The bar was crowded and I felt like a fish out of water. Bars weren’t the places I frequented.
It had been a particularly tough day and my colleague had suggested that to unwind I go to the bar with him, just for one drink he said. It seemed like a reasonable thing as he’d been as stressed as me from the day’s negotiations.
So, I followed him in and sat at one end of the bar. I don’t drink so I ordered a coke knowing he would quickly down the beer in front of him I looked about to see the post work crowd all debriefing and no doubt bitching about their day.
It was then I saw her, sitting at the far end. She was with a bunch of her work colleagues, I concluded not able to think of another reason she might be there.
There was something about her that attracted me instantly.
The flashing smile and the piercing eyes had me enraptured within seconds.
As I am more a people watcher than an interactor I realised she was a little like me as she nervously looked around the bar and like me looked at the clock on the wall trying, like me, to ascertain the moment to take my leave.
She looked down the bar in my direction and our eyes met. Embarrassed by the contact we both looked away. But I couldn’t help look back and focus on her.
As I sipped my coke, my work colleague down several beers all the while prattling on about his day and what he’d do if he had his time over again.
Down the bar the object of my fascination continued to sneak glances my way, all the while smiling at anything said by one of her girlfriends.
I made an excuse to leave, I knew or at least felt it was my best strategy knowing my success rate with women was not something I’d ever put on my resume.
I made my way out of the bar, took a breath of air at the front door and knew the train home would be arriving soon.
I felt a touch on my arm and there she was.
She blurted out her name, said she was pleased to be out of there and that bars were not her thing.
I stood there looking at her. Up close she was more beautiful than I had previously thought. Her smile sparkled, her eyes twinkled, her hair was flowing and her skin looked immaculate. Inside me, a voice said, “What do you think you’ll do with a woman as beautiful as this one?”
The silence that followed said it all. She looked from my face to the street. Asked if we could walk?
Walk we did, introductions, life stories, expectations, job reflections.
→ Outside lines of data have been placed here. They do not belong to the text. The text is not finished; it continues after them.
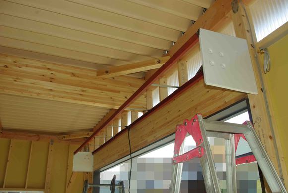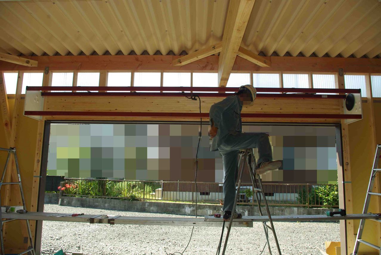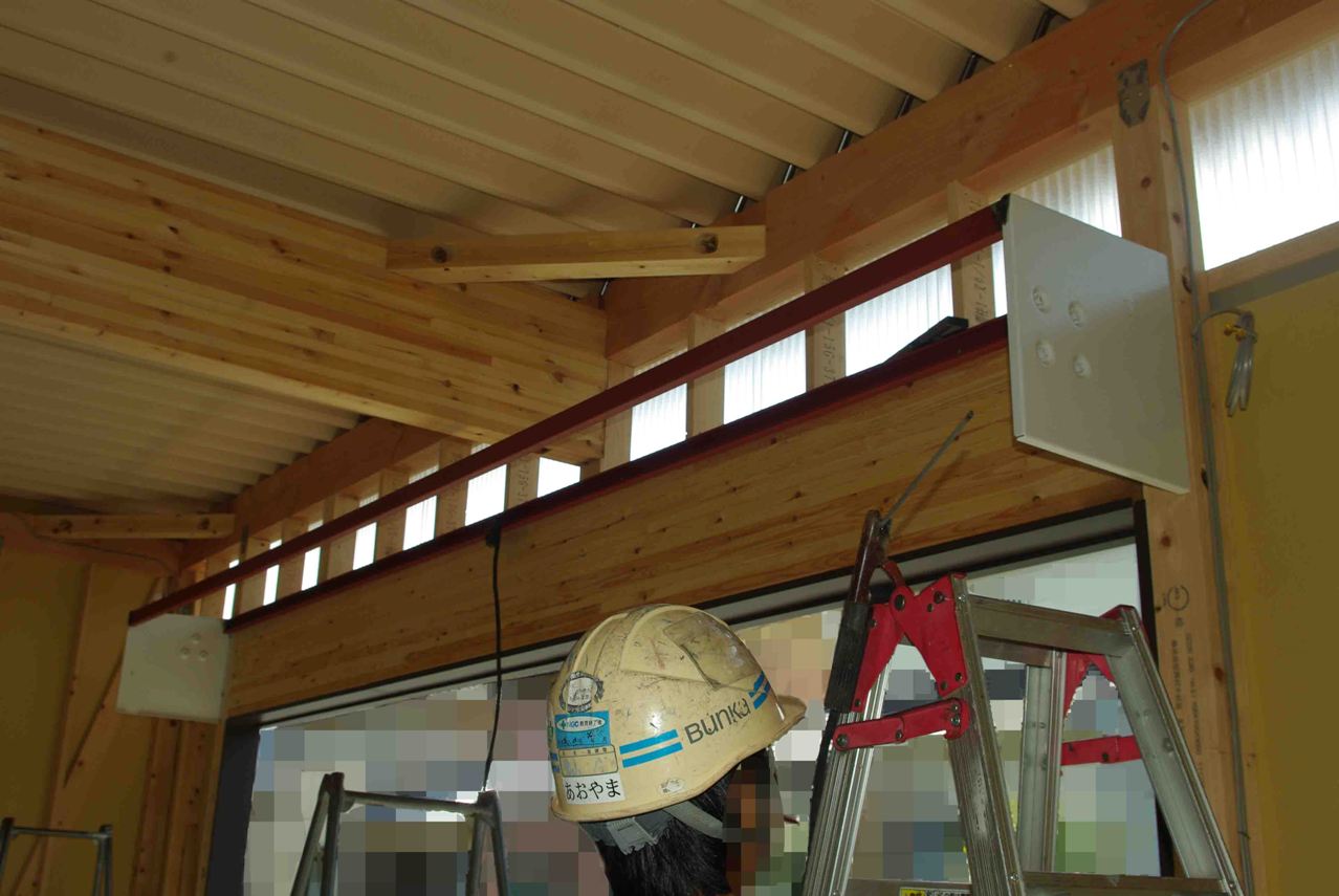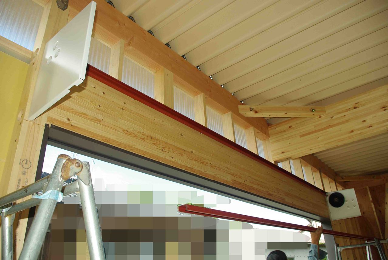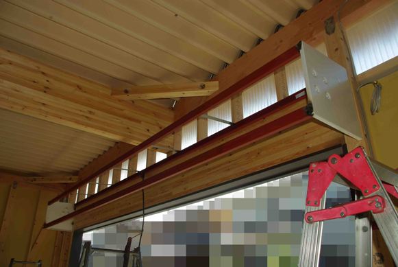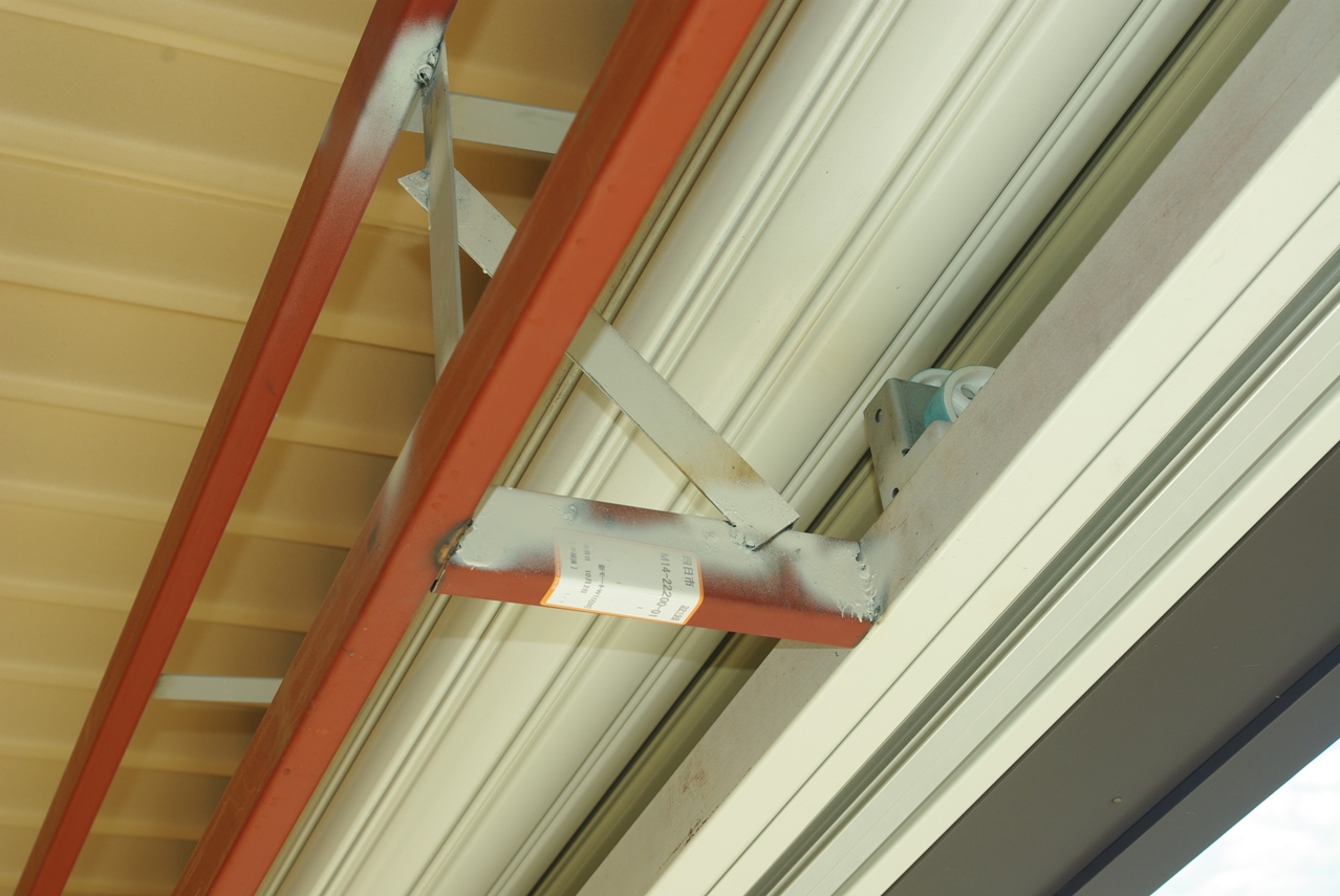2本目の鉄骨まぐさもセットして、開閉機側ブラケットに溶接します。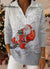 Retro Christmas Snowflake Art Pattern Polo Collar Shiny Loose Sweater Top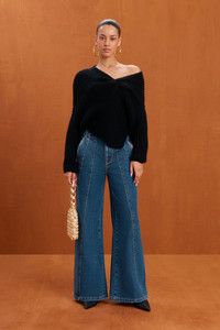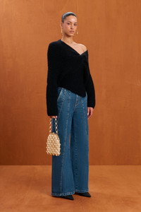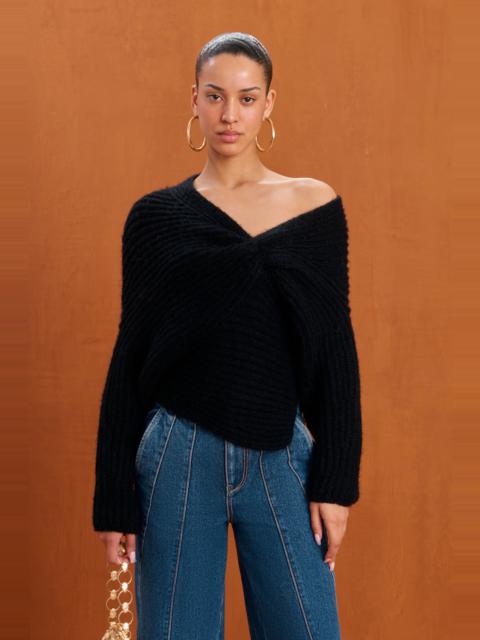 A long-sleeve wool blend knit sweater with an asymmetrical v neck with twist detail that is meant to be worn off the shoulder. — Long sleeve — Twist detail at bust — Asymmetrical hem — Worn off the shoulder SIZE & FIT NOTES Model is 5'10" and is wearing a size Small COMPOSITION AND CARE 53% WOOL 17% ALPACA 30% POLYAMIDE

I never thought I could feel so comfortable with a woman who was in my opinion way ahead of me in every way.
Midnight found us in the park opposite the train station. It was the first time I felt like I didn’t want to go home.
She took my hand and asked me to meet her again. I think I stammered something I hoped she took as a yes.
Then she hailed a taxi and as it stopped at the kerb she reached up and kissed me softly saying it was a great night. We’d meet tomorrow at midday for lunch.
As she drove away I suddenly realised my legs were feeling like jelly.